**Exercise details**
Apart from the pictures, output all of the records exactly.

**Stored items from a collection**
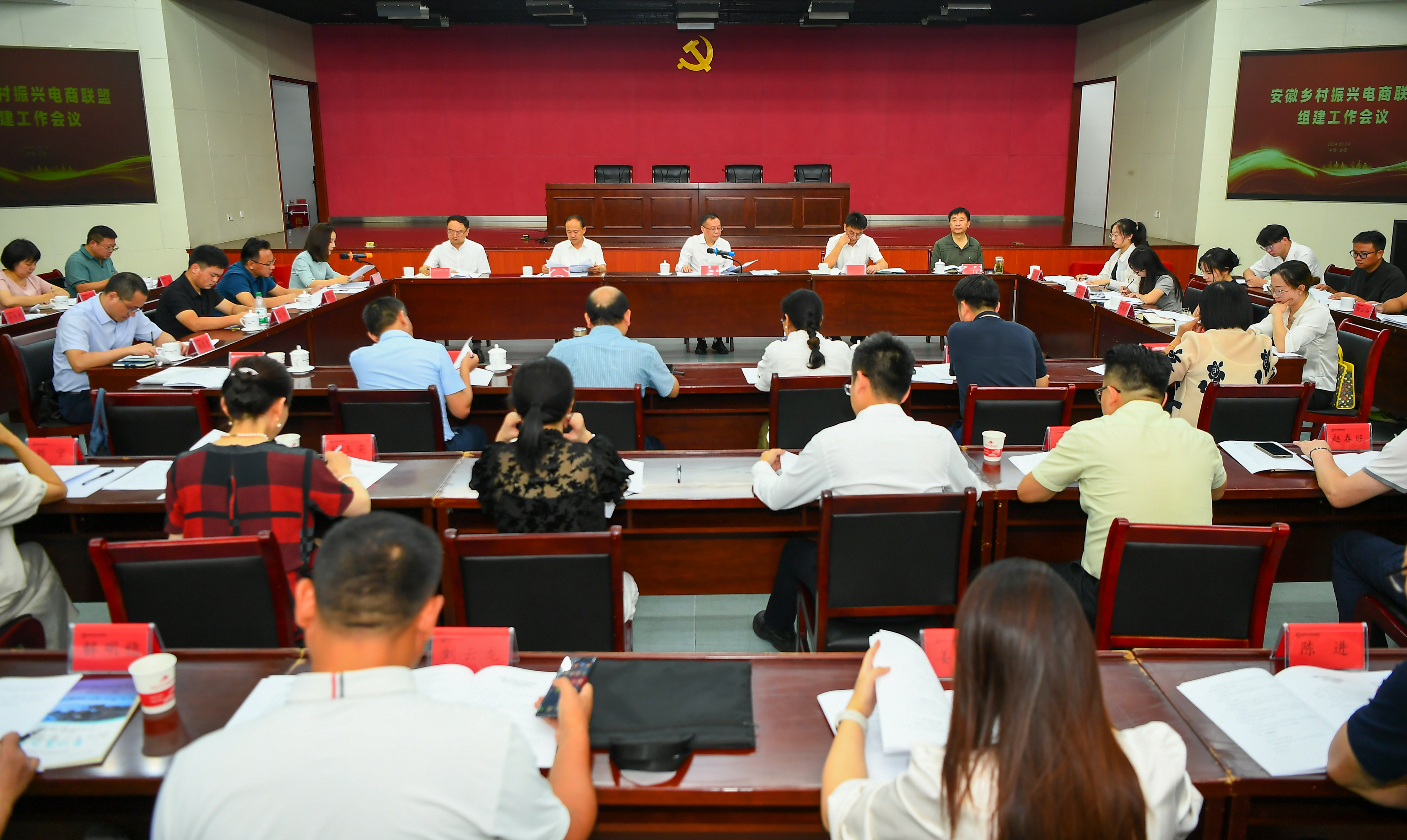 中安在線、中安新聞客戶端訊 9月4日上午,安徽鄉村振興電商聯盟組建工作會議在合肥召開,聯盟指導單位、共同發起單位、成員單位代表等齊聚一堂,共商聯盟組建大計。會議由安徽新媒體集團黨委書記、董事長、總經理章理中主持,省委宣傳部、省委網信辦、省文化和旅游廳等指導單位相關業務處室負責人參加會議。
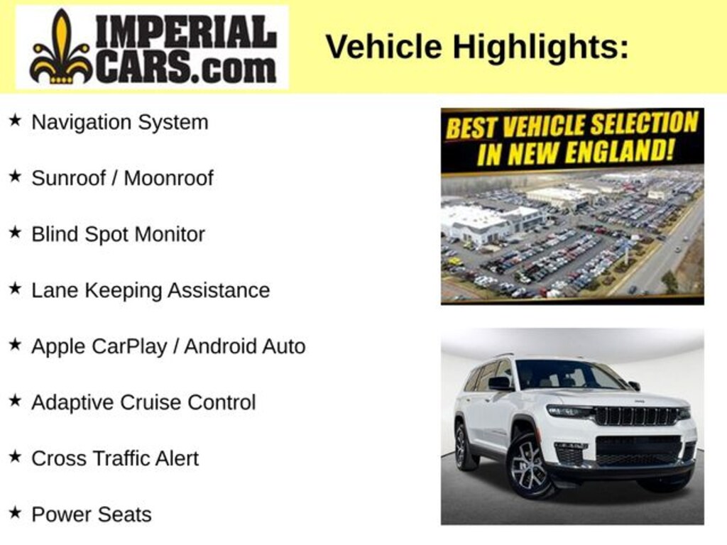 Recent Arrival! Navigation System, Sunroof / Moonroof, Blind Spot Monitor, Lane Keeping Assistance, Apple CarPlay / Android Auto, Adaptive Cruise Control, Cross Traffic Alert, Power Seats, Heated Seats, Backup Camera, Bluetooth, Remote Engine Start, Cruise Control, Power Windows, Power Locks, Steering Wheels Radio Controls, Aluminum Wheels, Luggage Rack, Third Row Seats, 220 Amp Alternator, 7 & 4 Pin Wiring Harness, Automatic Headlamp Leveling System, Class IV Receiver Hitch, Dual Exhaust Tips, Heavy-Duty Engine Cooling, Navigation System, Quick Order Package 23E, Rear Load Leveling Suspension, Trailer Hitch Zoom, Trailer Tow Package. Bright White Clearcoat 2024 Jeep Grand Cherokee L Limited 4D Sport Utility Limited 4WD 8-Speed Automatic
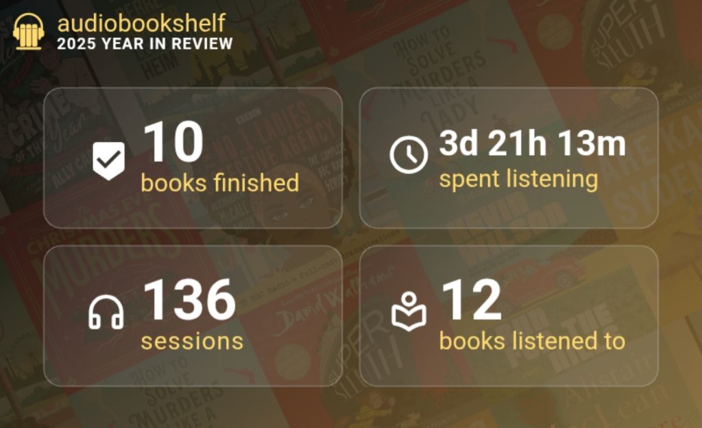 Audiobookshelf was a new one to me, and was easy to install back in August. I host this on a VM at home with a read only mounted network disk from my NAS. Audiobookshelf also offers Podcast handling, but I don’t want to mix those two in the same app, so I have only been using it for audiobooks.I have been using this a lot (on my personal scale). I have nothing negative to say, and have been very happy with it!
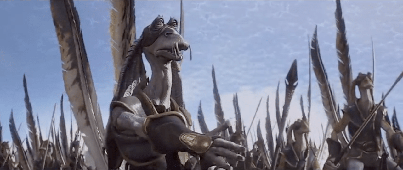…and is not, under any circumstance, the cruel, witless leader of a band of frowned-upon Noble Savages known most notoriously for sharing a common gene pool with one Jar Jar Binks, Bombad General. In 1998, which, according to the number of moments given away by this clip, was before people learned how to make a proper trailer, Jar Jar was practically promised by Lucas to be the world’s new best friend.
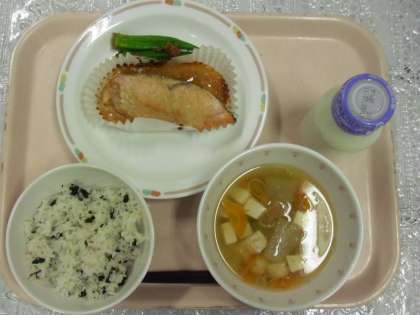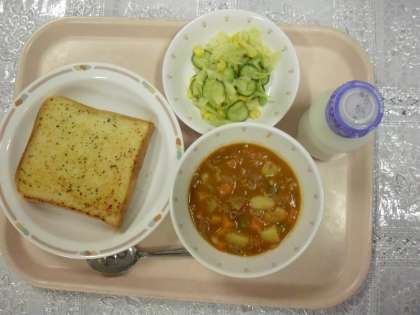 5日のメニューは、わかめご飯、しゃけの味噌マヨネーズ焼き、オクラのおかかあえ、冬瓜のあんかけ汁、牛乳でした。6日は、ガーリックトースト、ポークビーンズ、アーモンドサラダ、牛乳でした。
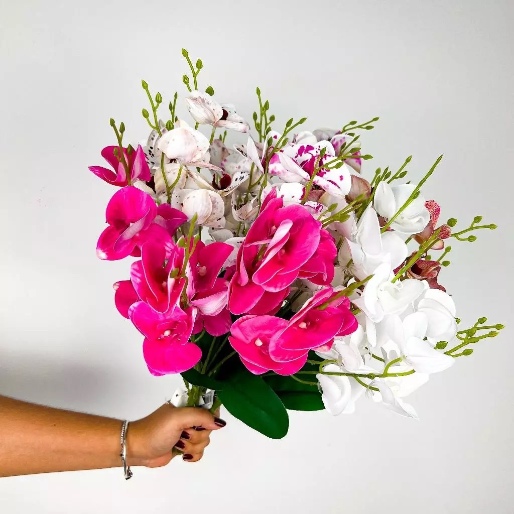 Buque de Orquídea Borboleta Artificial Flor Silicone P/ Casamento, Casa, Decoração - A-540
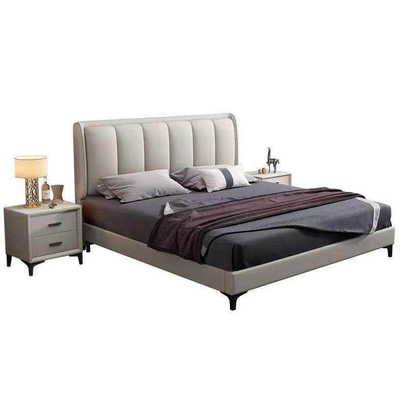 เตียงสองชั้นสีม่วงทันสมัย ขนาดเตียงเดี่ยว เตียงคู่ เตียงควีนไซส์ เตียงคิงไซส์ พร้อมโครงไม้ หุ้มหนัง ฟองน้ำเมมโมรี่โฟม และระบบสปริงแบบพ็อกเก็ตสปริงและบอนเนลสปริง
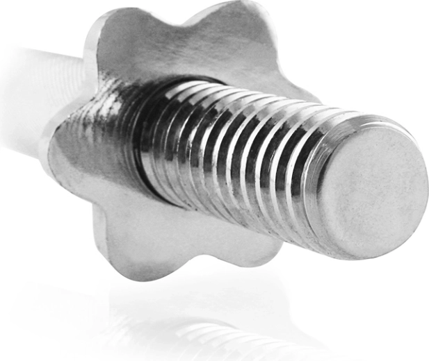 Osa je osazena závitem pro rychlé a bezpečné nasazení kotoučů. Dvojice hvězdicových matic s vnitřním pryžovým těsněním minimalizuje uvolnění zátěže a chrání vybavení. Nosnost 100 kg a hmotnost 6 kg představují ideální poměr pro efektivní silový trénink.
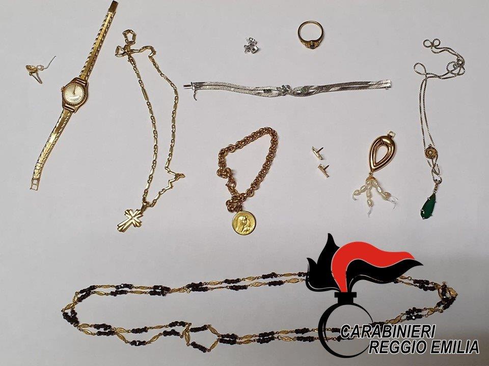 Progetto non riuscito in quanto i carabinieri di Quattro Castella durante le ricerche hanno rinvenuto e recuperato la refurtiva costituita da preziosi e monili in oro per un valore stimato in 50.000 euro. Tra i preziosi recuperati dai carabinieri, oltre ai gioielli trafugati all’anziano reggiano, anche altri monili in oro la cui provenienza furtiva è al vaglio dei carabinieri. Dentro l’autovettura, munita di targhe clonate, i carabinieri hanno rinvenuto svariati attrezzi da scasso per aprire casseforti, tre pettorine con la scritta polizia locale, un jammer disturbatore di frequenze per cellulari onde impedire agli anziani di chiedere aiuto e un apparato radio sintonizzato sulle frequenze di polizia e carabinieri, una paletta della protezione civile, 300 euro in contatti e vari spray al peperoncino utilizzati nei colpi per disorientare le vittime. Tre ladri professionisti quelli intercettati dai carabinieri di Quattro Castella alle porte di Reggio che ora i militari stanno cercando di identificare.

**Exercise solution**
 中安在線、中安新聞客戶端訊 9月4日上午,安徽鄉村振興電商聯盟組建工作會議在合肥召開,聯盟指導單位、共同發起單位、成員單位代表等齊聚一堂,共商聯盟組建大計。會議由安徽新媒體集團黨委書記、董事長、總經理章理中主持,省委宣傳部、省委網信辦、省文化和旅游廳等指導單位相關業務處室負責人參加會議。
 Recent Arrival! Navigation System, Sunroof / Moonroof, Blind Spot Monitor, Lane Keeping Assistance, Apple CarPlay / Android Auto, Adaptive Cruise Control, Cross Traffic Alert, Power Seats, Heated Seats, Backup Camera, Bluetooth, Remote Engine Start, Cruise Control, Power Windows, Power Locks, Steering Wheels Radio Controls, Aluminum Wheels, Luggage Rack, Third Row Seats, 220 Amp Alternator, 7 & 4 Pin Wiring Harness, Automatic Headlamp Leveling System, Class IV Receiver Hitch, Dual Exhaust Tips, Heavy-Duty Engine Cooling, Navigation System, Quick Order Package 23E, Rear Load Leveling Suspension, Trailer Hitch Zoom, Trailer Tow Package. Bright White Clearcoat 2024 Jeep Grand Cherokee L Limited 4D Sport Utility Limited 4WD 8-Speed Automatic
 Audiobookshelf was a new one to me, and was easy to install back in August. I host this on a VM at home with a read only mounted network disk from my NAS. Audiobookshelf also offers Podcast handling, but I don’t want to mix those two in the same app, so I have only been using it for audiobooks.I have been using this a lot (on my personal scale). I have nothing negative to say, and have been very happy with it!
…and is not, under any circumstance, the cruel, witless leader of a band of frowned-upon Noble Savages known most notoriously for sharing a common gene pool with one Jar Jar Binks, Bombad General. In 1998, which, according to the number of moments given away by this clip, was before people learned how to make a proper trailer, Jar Jar was practically promised by Lucas to be the world’s new best friend.
 5日のメニューは、わかめご飯、しゃけの味噌マヨネーズ焼き、オクラのおかかあえ、冬瓜のあんかけ汁、牛乳でした。6日は、ガーリックトースト、ポークビーンズ、アーモンドサラダ、牛乳でした。
 Buque de Orquídea Borboleta Artificial Flor Silicone P/ Casamento, Casa, Decoração - A-540
 เตียงสองชั้นสีม่วงทันสมัย ขนาดเตียงเดี่ยว เตียงคู่ เตียงควีนไซส์ เตียงคิงไซส์ พร้อมโครงไม้ หุ้มหนัง ฟองน้ำเมมโมรี่โฟม และระบบสปริงแบบพ็อกเก็ตสปริงและบอนเนลสปริง
 Osa je osazena závitem pro rychlé a bezpečné nasazení kotoučů. Dvojice hvězdicových matic s vnitřním pryžovým těsněním minimalizuje uvolnění zátěže a chrání vybavení. Nosnost 100 kg a hmotnost 6 kg představují ideální poměr pro efektivní silový trénink.
 Progetto non riuscito in quanto i carabinieri di Quattro Castella durante le ricerche hanno rinvenuto e recuperato la refurtiva costituita da preziosi e monili in oro per un valore stimato in 50.000 euro. Tra i preziosi recuperati dai carabinieri, oltre ai gioielli trafugati all’anziano reggiano, anche altri monili in oro la cui provenienza furtiva è al vaglio dei carabinieri. Dentro l’autovettura, munita di targhe clonate, i carabinieri hanno rinvenuto svariati attrezzi da scasso per aprire casseforti, tre pettorine con la scritta polizia locale, un jammer disturbatore di frequenze per cellulari onde impedire agli anziani di chiedere aiuto e un apparato radio sintonizzato sulle frequenze di polizia e carabinieri, una paletta della protezione civile, 300 euro in contatti e vari spray al peperoncino utilizzati nei colpi per disorientare le vittime. Tre ladri professionisti quelli intercettati dai carabinieri di Quattro Castella alle porte di Reggio che ora i militari stanno cercando di identificare.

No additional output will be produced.